TO DO => From the entries below, return only the lines starting at the one that contains "A cause–effect diagram" and ending at the one that contains "470,00 (abono) |", exactly as they stand.

Segment Start: PROVIDED RECORDS

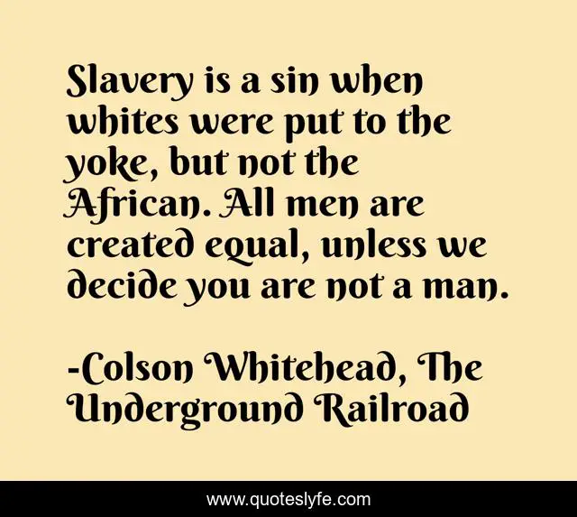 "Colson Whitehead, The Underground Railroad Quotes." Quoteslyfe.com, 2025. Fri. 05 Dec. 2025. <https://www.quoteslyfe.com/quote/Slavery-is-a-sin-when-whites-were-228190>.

Segment End: PROVIDED RECORDS
Segment Start: PROVIDED RECORDS

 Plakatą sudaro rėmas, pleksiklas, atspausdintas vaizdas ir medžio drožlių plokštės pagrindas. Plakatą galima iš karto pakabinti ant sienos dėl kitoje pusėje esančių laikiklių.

Segment End: PROVIDED RECORDS
Segment Start: PROVIDED RECORDS

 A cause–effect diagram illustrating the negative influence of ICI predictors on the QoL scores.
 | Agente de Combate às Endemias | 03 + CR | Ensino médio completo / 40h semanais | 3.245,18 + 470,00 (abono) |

Segment End: PROVIDED RECORDS

SOLUTION TO THIS PROBLEM =>
 A cause–effect diagram illustrating the negative influence of ICI predictors on the QoL scores.
 | Agente de Combate às Endemias | 03 + CR | Ensino médio completo / 40h semanais | 3.245,18 + 470,00 (abono) |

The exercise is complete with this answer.